The Harvard Business Review just bestowed the title of best-performing CEO in the world on Amazon.com CEO Jeff Bezos, who last year tied with late Steve Jobs for the honor.
Now, given that Jobs had been deceased for nearly a year when Harvard Business Review gave him the title, there’s room to be skeptical of methodology for such lists. After all, usually most lists of top CEOs would begin meeting the basic criteria of being A.) alive and B.) an actual CEO.
But such details aside, let’s take a look at the core criterion that HBR spotlights in its methodology: Shareholder returns. It’s clear that Amazon.com performance in the equity markets looks fairly outstanding over the long-term. According to FactSet, the company’s total return—that’s share price gains and dividends, which Amazon has never paid—since going public in May 1997 is more than 15,000%, trouncing the return of the S&P 500 over the same period, which was a bit more than 200%.

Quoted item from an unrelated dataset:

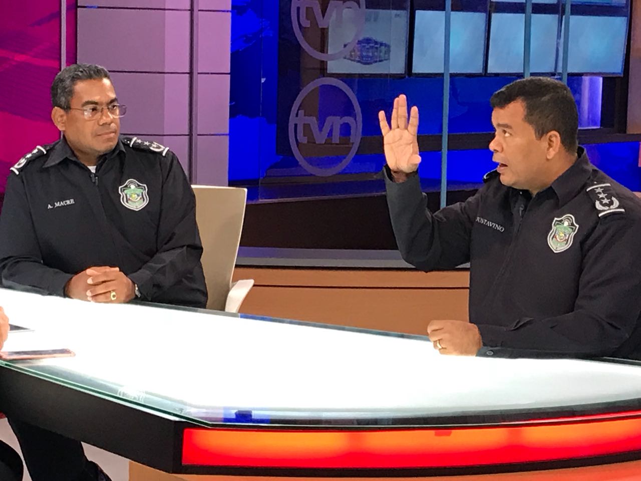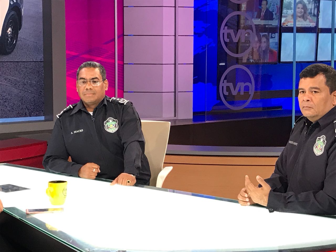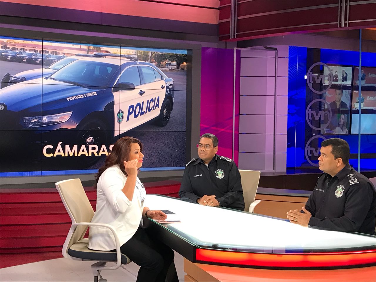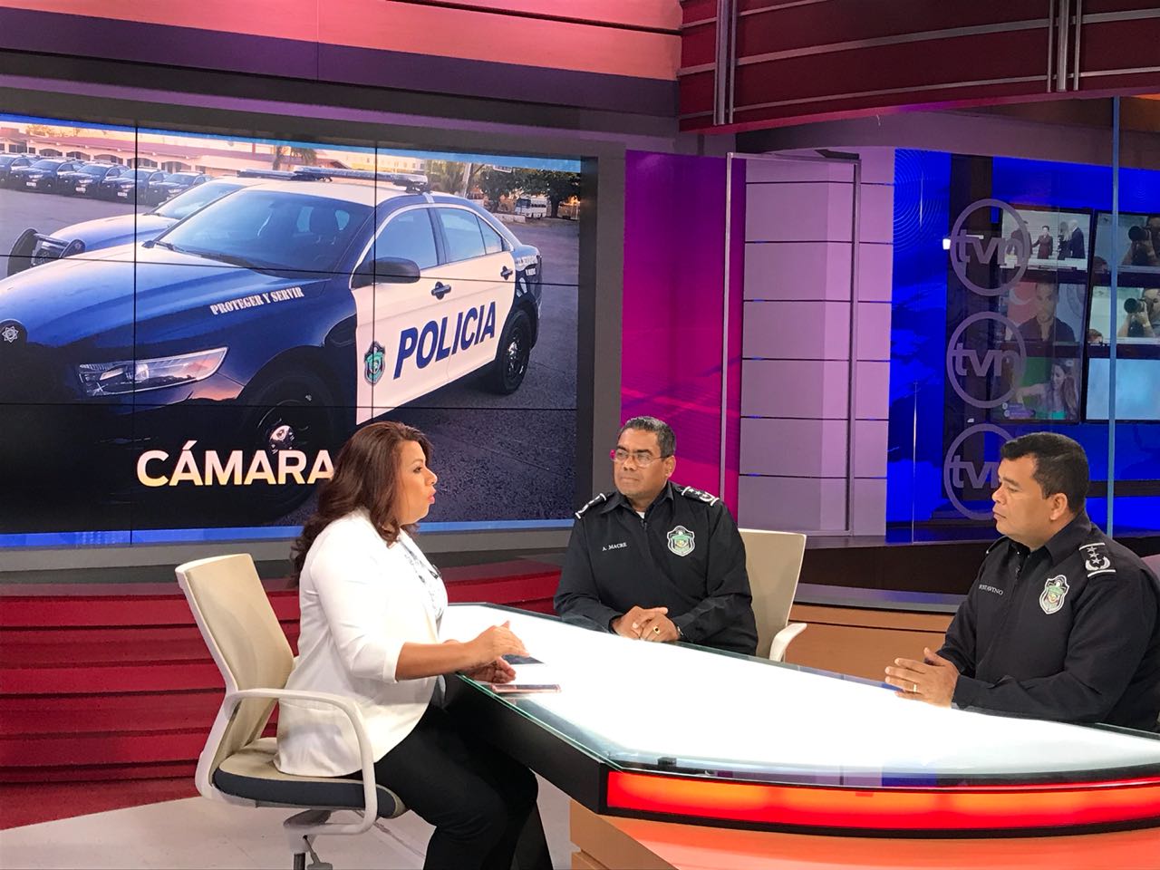 Los Comisionados Porfirio Justavino y Aldo Macre, asistieron a Tvn Noticias, donde explicaron a la periodista Castalia Pascual sobre la implementación y funcionamiento de las cámaras de vídeo en los vehículos policiales, como parte de las estrategias para seguir brindando seguridad a la ciudadanía. Sostuvo Macre que la estrategia consta de cinco líneas de acción; siendo la línea relacionada a las instituciones eficaces, transparentes y de respuesta inmediata, una de las más importantes. Además que se implementarán cámaras de vigilancia en los vehículos patrullas, para que sean un elemento testigo, cuando se den situaciones donde las personas graban, editan y no publican el hecho como realmente sucedió. Por su parte el Comisionado Porfirio Justavino indicó que las cámaras serán monitoreadas desde el centro de operaciones. Las personas encargadas de monitorear pueden recibir llamadas y ven en su pantalla la posición satelital de cada patrulla, además de contar con el dispositivo que inicia el video dentro de los vehículos. Esta nueva adquisición tecnológica será instalada en primera instancia en patrullas y unidades del tránsito.

Of course, picking beginnings and endings for this type of analysis is always important. Amazon lagged the S&P 500 for most of the decade between the tech stock bust of 2000 and 2010. And over the past three years Amazon.com has also lagged the broader index.

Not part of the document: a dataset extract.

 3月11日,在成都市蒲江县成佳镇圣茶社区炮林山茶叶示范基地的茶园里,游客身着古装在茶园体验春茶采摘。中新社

Even so, Amazon’s high-altitude share price is fairly amazing, and perhaps even justified if you look at the tremendous sales growth that the online shopping behemoth continues to notch up, quarter-over-quarter.
But the bottom line, for CEOs, is the bottom line. In other words, profit. And this is Amazon’s weak point. Profit growth has been a problem as the company has consistently lagged for much of the past five years, including a really ugly tumble during the second quarter of 2014. The plain fact is that Amazon’s profits have been quite soft.
So is Bezos the best or not? It may be a silly question.
It’s incredibly difficult to identify the impact that individual CEOs have on their companies. As the founder, CEO, and guiding spirit of Amazon, Bezos obviously has a lot to do with the company’s development.
But who’s to say that there’s not someone out there who could run a better, more disciplined Amazon, who transforms its tremendous sales into solid quarter-on-quarter profit growth? We’ll never know. Economics isn’t a controlled experiment that you can re-run to prove a statistically significant point.
In the backdrop of all efforts to quantify CEO performance is what Thomas Piketty calls the “illusion of marginal productivity.” The influential French economist argues that in large corporations, it’s essentially impossible to connect the performance of a single manager with the company as a whole. Also lurking behind that argument is that age-old bugbear: CEO pay. After all, if you can’t quantify the performance of a CEO, how can you justify his or her pay?
The obvious answer is, you often can’t.